# The problems today compared to the 1980s



## Brendan Burgess (22 Apr 2011)

I have heard people say "but the problems in the 1980s were worse and we recovered from them". I think it would be useful to compile a comparison of the figures for both periods. 

Dan O'Brien has an excellent article in today's Irish Times on the topic

[broken link removed]

Anyone volunteer to compile a factual comparison?


----------



## Guest105 (22 Apr 2011)

I am sure there was another thread relating to this subject some time back.

I think there was far more poverty during the 1980's, interest rates were huge and emigration far higher than it is today. There was little or no personal debt.


----------



## Brendan Burgess (22 Apr 2011)

Thanks Cashier - hadn't occurred to me to look. 
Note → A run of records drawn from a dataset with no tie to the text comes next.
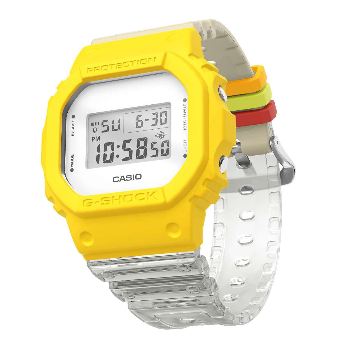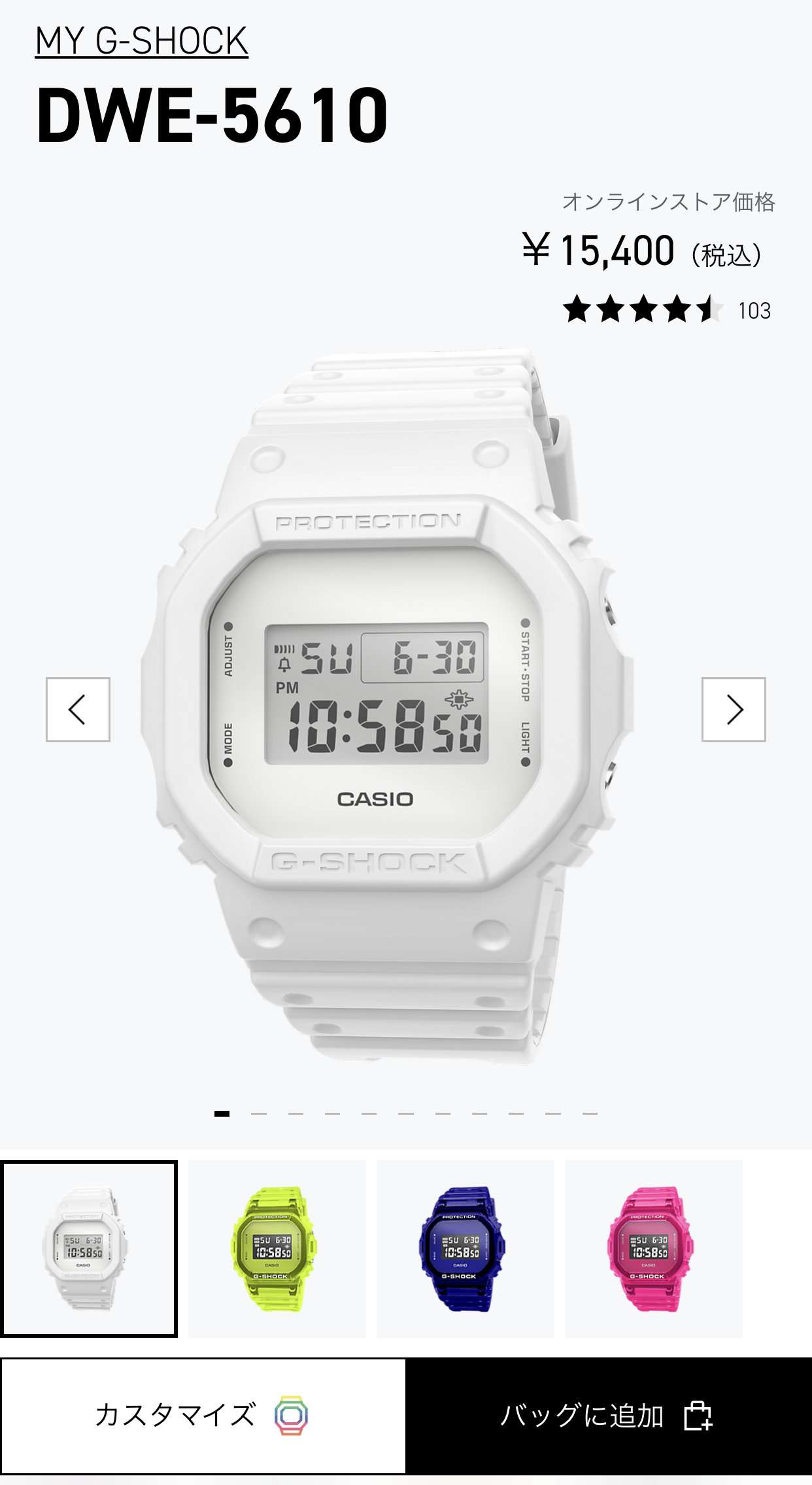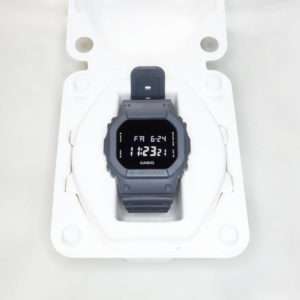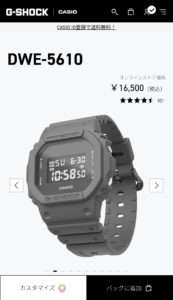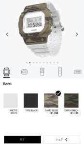 元になる時計はDWE-5610でベーシックなG-SHOCKで電波ソーラーやBluetooth機能は搭載されていません。カスタムでは文字盤、ベゼル、バンド、バンドループ(遊環)、金具などの色違いが選べ組み合わせる事が出来ます。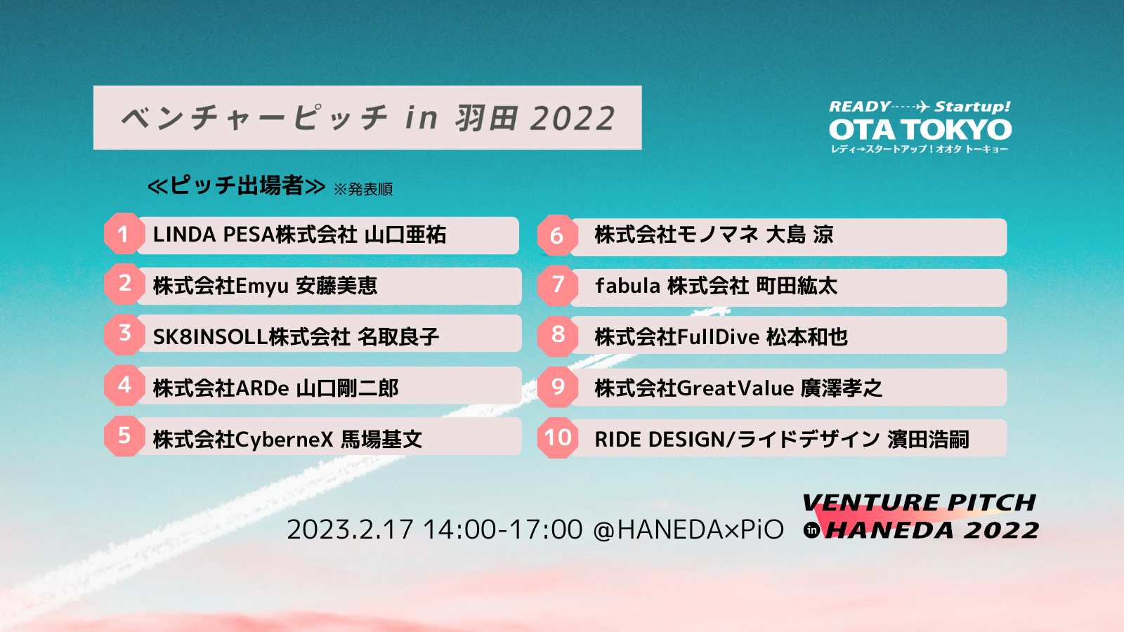 ピッチ出場者決定~投資機関・支援機関とのマッチングを目指す10名の起業家が「ベンチャーピッチ in羽田2022」へ出場~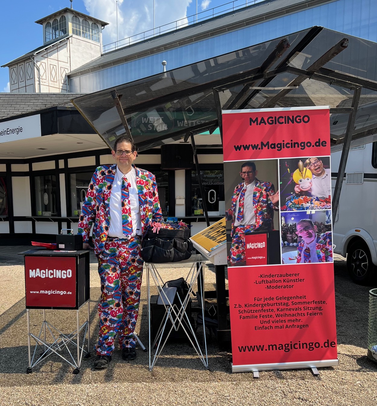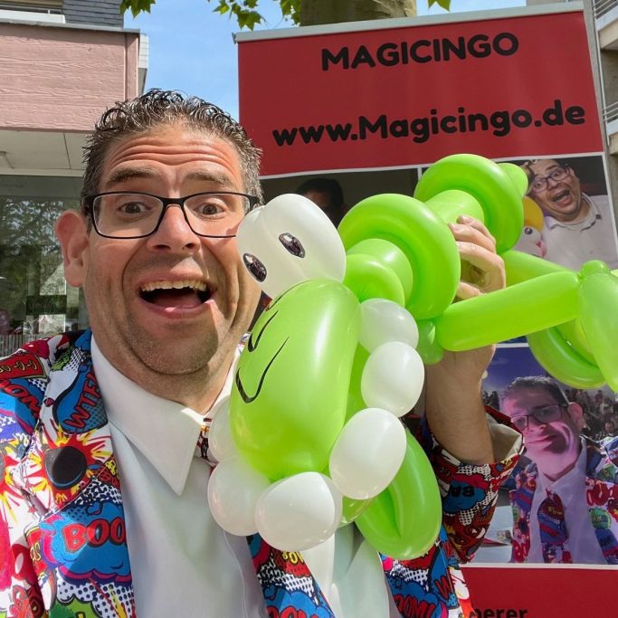 Magic Ingo ist Ihr professioneller Zauberer und Luftballonkünstler aus Köln. Mit einer faszinierenden Mischung aus verblüffenden Zaubertricks und kunstvollen Luftballonfiguren begeistert Magic Ingo Großes und Kleines Publikum jeden Alters. Ob für Geburtstagsfeiern, Hochzeiten, Firmenveranstaltungen oder Messen – Ingo bringt Farbe und Freude in jede Veranstaltung. Lassen Sie sich von den geheimnisvollen Illusionen und der Kreativität seiner Luftballonkunst verzaubern. Kontaktieren Sie uns, um Ihre Veranstaltung zu einem unvergesslichen Erlebnis zu machen!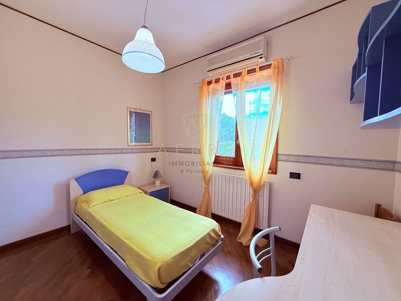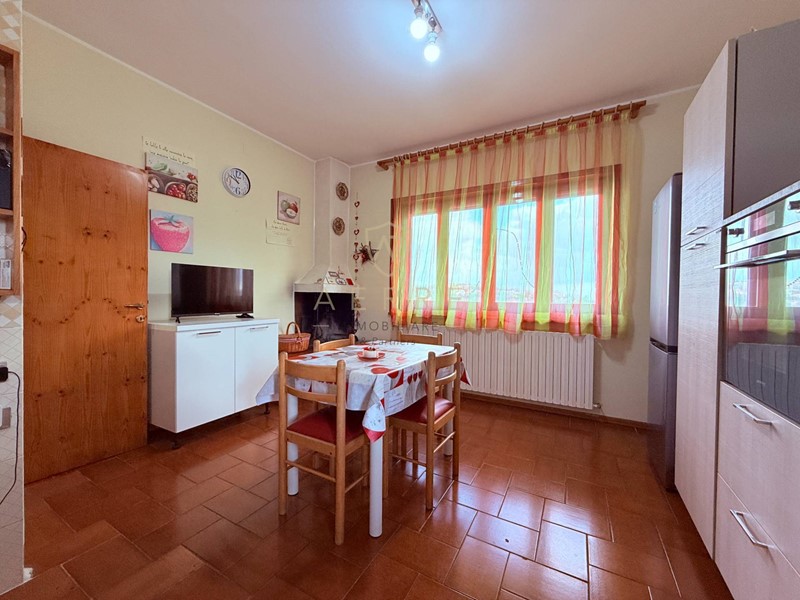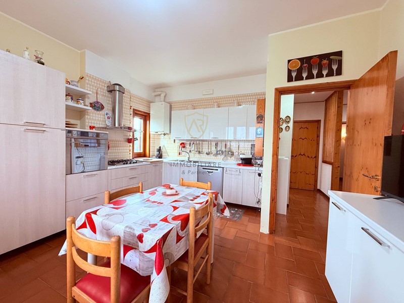 La sua metratura totale di 233 M² offre un'ampia zona living con camino, cucina abitabile con camino, ripostiglio, bagno con vasca, disimpegno che porta alle tre camere da letto e al secondo bagno con doccia, lavanderia, grande stanza pluriuso dalla quale si esce sul grandissimo terrazzo garantendo così spazio e comfort per tutta la famiglia. L'immobile è dotato di un sistema di riscaldamento autonomo a metano, con impianti a radiatori, garantendo un ambiente sempre caldo e confortevole e ci sono anche i condizionatori. Gli infissi e le finestre sono doppi (alluminio esterno e legno con doppio vetro interno), assicurando un buon isolamento termico ed acustico .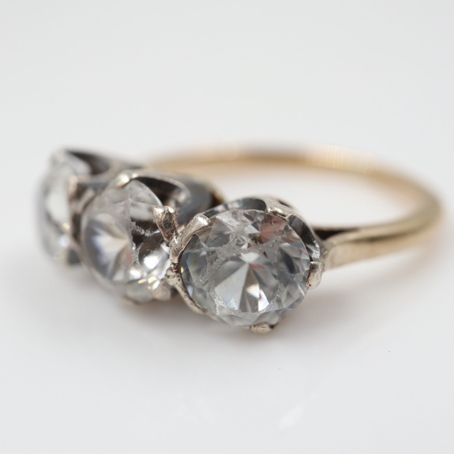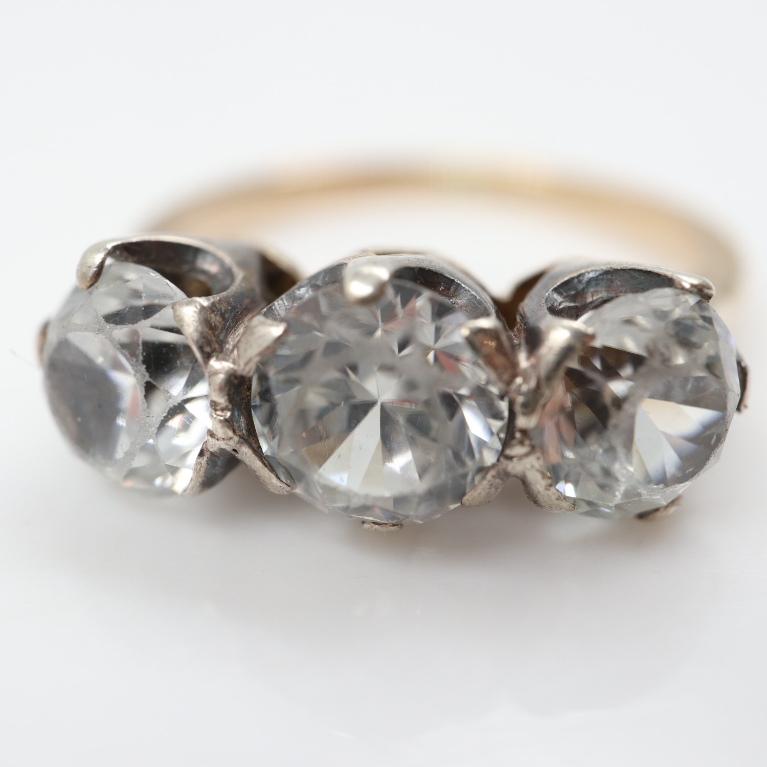 9ct gold trilogy ring set with large clear topaz, 4.0g, size M/N. UK P&P Group 0 (£7+VAT for the first lot and £1+VAT for subsequent lots)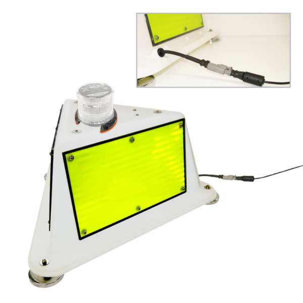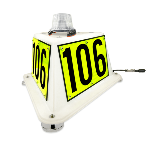 HEAVY DUTY, HI-VISIBILITY 3 Sided Backlit Display with 8.3'' Black Text on a Reflective Fluorescent Yellow-Green Background Includes a Green Strobe 3M Diamondgrade Reflective for Easy Night-time Visibility when equipment is turned off. High illumnation internal LED lighting for night time visibility. Water and weather resistant. Field proven for over 15 years to survive extreme environments.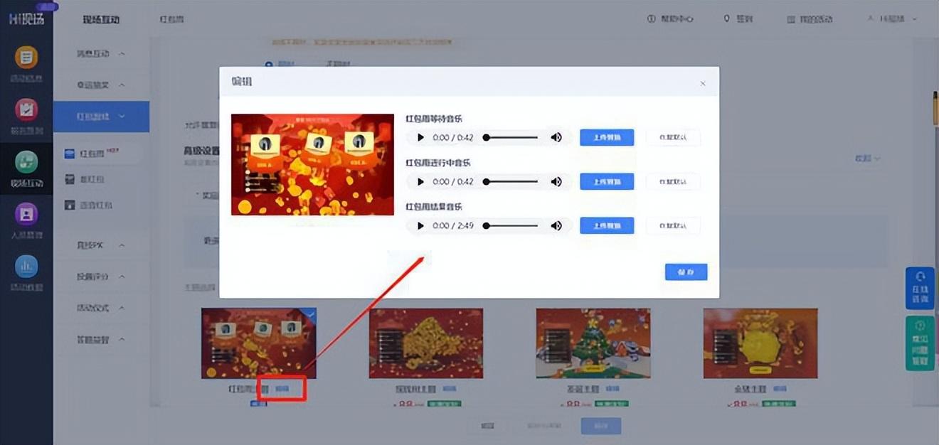 - 进入互动功能设置,选择“红包雨”进行相关设置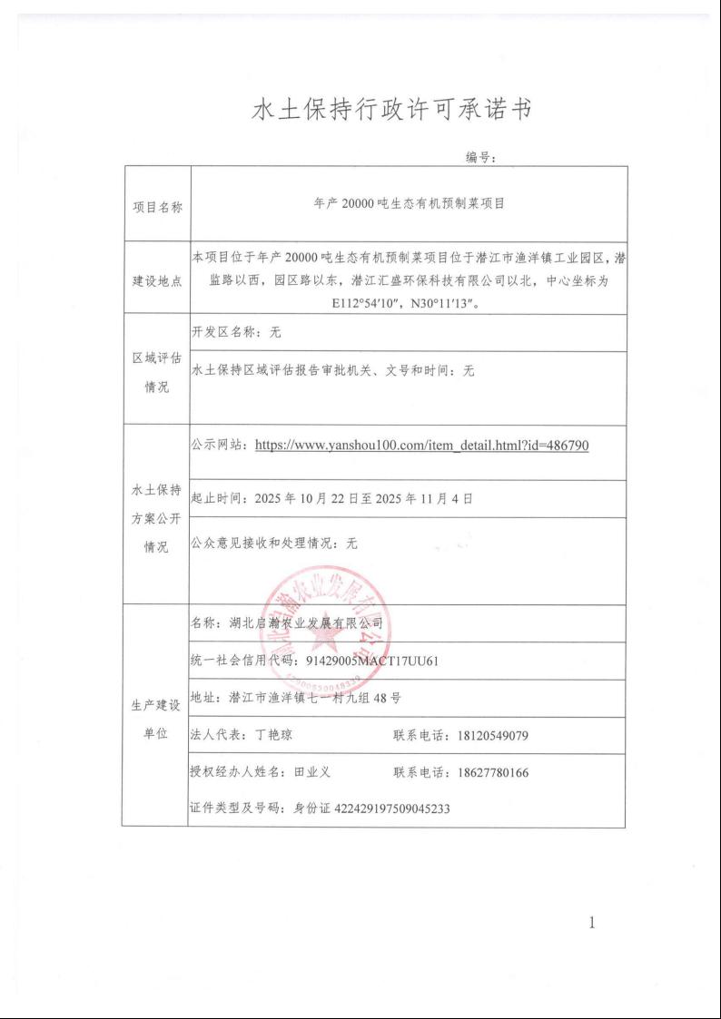 湖北启瀚农业发展有限公司年产20000吨生态有机预制菜项目水土保持方案许可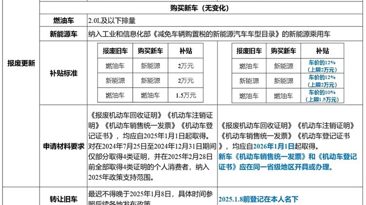 2025年的政策在旧车报废更新方面,已经较早期政策有所扩大,将部分符合条件的“国四”排放标准燃油乘用车纳入了补贴范围,并明确了燃油车(汽油、柴油及其他燃料)和新能源乘用车的具体注册登记截止日期。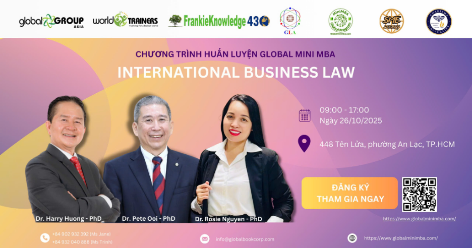 Tham gia ngay chuyên đề International Business Laws trong chương trình Global Mini MBA để nâng tầm tư duy pháp lý, tự tin hội nhập và dẫn dắt doanh nghiệp của bạn chinh phục thị trường quốc tế một cách chuyên nghiệp, minh bạch và bền vững.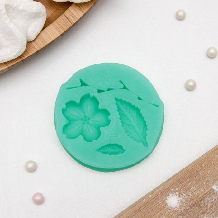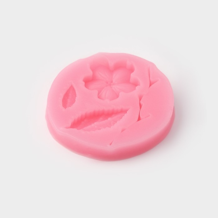 Молд Доляна «Цветок, лист и веточка», силикон, 5,5×0,9 см, цвет МИКС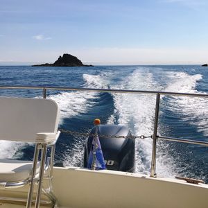 åå 忥ã®å€ã«æ¥ã«æãç«ã£ãŠäºçŽãæžãŸããŠ10æ45åã®åã«åå ããŸããã30åçšè¹ã«ä¹ããŸããããå³¶ã«è¿ã¥ãã«ã€ããŠæµ·ã®æ°Žãéãéã£ãŠããŠæµ·åºãèŠããã»ã©ã®ãšã¡ã©ã«ãã°ãªãŒã³ã®æµ·ïŒ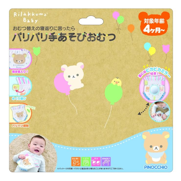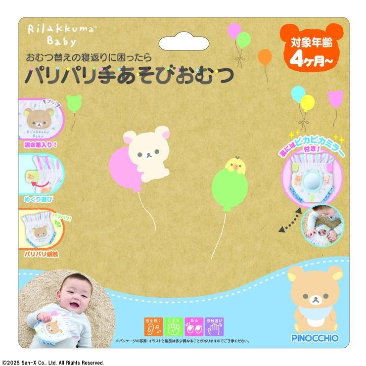 ● 左右についているおむつテープをめくると、リラックマとコリラックマがひょっこり。めくり遊びができます。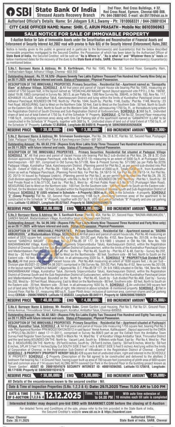 DESCRIPTION OF THE IMMOVABLE PROPERTIES: Primary Securities: - Residential flat-Apartment named as "BADMA ANBUKUDDIL at Madambakkam Village, SCHEDULE A All that piece and parcel of vacant house site, Plot No.46 measuring an extent of 3320 square feet, comprised in Old survey No. 201/20 part, Patta No. 4152, New Survey No. 201/28, in the layout named "GANDHIJI NAGAR (Approval No. D.T.P.No.85 OF 177. Ot 9.9.1983) situated in Old No.194, New No. 169 MADAMBAKKAM Village, Kundrathur Taluk, (formerly Sriperumbudur Taluk), Kancheepuram District, within the Registration District of Chennai South and the Sub Registration District of Guduvancheri, within the limits of the Kundrathur Panchayat Union and Madambakkam Panchayat. Bounded on the North by Plot No.45, South by-Plot No.47 & 48, East by Survey No 202, West by-30 Feet Road. Measuring: East to West on the Northenside 80 feet, Southern side-86 feet, North to South on the Eastern side-40 feet, Western side-40 feet. In all admeasuring 3320 Sq. ft., SCHEDULE "B" PROPERTY(Sub Divided PLOT No.46A) All that piece and parcel of vacant house site, Plot No. 46A measuring an extent of 1630 square feet, (As per Sub-Division plan 95/2021-22 dated 04.08.2021) comprised in Old Survey No. 201/20 Part, Patta No.4152, New survey No.201/28, in the layout named "GANDHIJI NAGAR" (Approval No. D.T. P.No.85 OF 177, Dt: 9.9.1983) situated in Old No. 194, New No. 169 MADAMBAKKAM Village, Kundrathur Taluk, (formerly Sriperumbudur Taluk), Kancheepuram District, within the Registration District of Chennai South and the Sub Registration District of Guduvancheri, within the limits of the Kundrathur Panchayat Union and Madambakkam Panchayat Bounded on the North by-Plot No.45, South by-Sub divided Plot No 468, East by-Survey No.202, West by-30 Feet Road, Measuring: East to West on the Northenside-80 feet, Southern side-83 feet, North to South on the Eastern side 20 feet, Western side-20 feet. In all admeasuring 1630 Sq. ft., SCHEDULE-C An undivided 349 square feet out of land area 1630 Sq.ft in Plot No.46A of right, title interest in above schedule -B mentioned property. SCHEDULE-D Fist in Ground Floor, Flat No. 61, measuring 980 sq.ft., Super Plinth Area (inclusive of common area, common shares and Car parking Area) CERSAI-200067090929. Latitude: 12.858333, Longitude:80.045111. Property Id: SBIN200067090929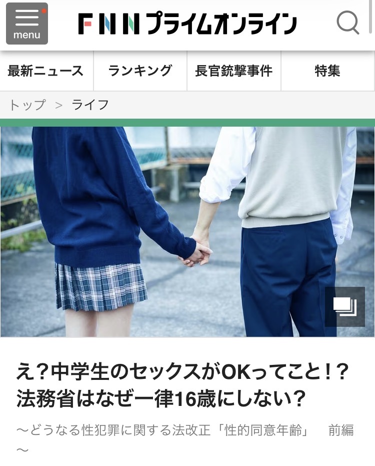 | … | 526/03/20(金)21:29:21No.1412611686そうだねx7>審議会では『13歳の子どもが性的にきちんと判断するなんて無理です』とデータや論文を提示して反対する委員もいると聞きます。 |

Is the current session worse than the 1980s?

As this forum is about Key Data and not about debate, what I am looking for here is the comparative data.


----------



## dontaskme (23 Apr 2011)

One big difference is participation of women in the workplace. A lot of economic growth in the 1990s was fuelled by women entering and returning to the workplace. Businessweek had an interesting article on how male participation in the workplace in the US is the lowest since the 1930s. The participation rate goes down in a recession and usually does not bounce back afterward to the same level.

The demographics were different as well. The birth rate declined from 1979 to the  90s and has been more or less constant for a while now so there are proportionately fewer younger people who are the marginal work force i.e. if the economy is booming, they get the new jobs, if it's in recession they're on the dole queue or the boat. So emigration is probably affecting fewer families.


----------



## Brendan Burgess (14 Dec 2011)

Marc Westlake has written a [broken link removed] on this important topic.



> In this brief review of the 20th Century, we consider current events in the context of Global history and conclude that our perception of how bad things are today is probably being excessively influenced by the media to the extent that on average many of us view current conditions to be far worse than they really and certainly are not unprecedented in modern human history.


----------



## DrMoriarty (14 Dec 2011)

For context/comparison, or for those who like their "chart porn", some interesting stats I saw on BBC's _Newsnight _last night: http://www.bbc.co.uk/news/in-pictures-16090055


----------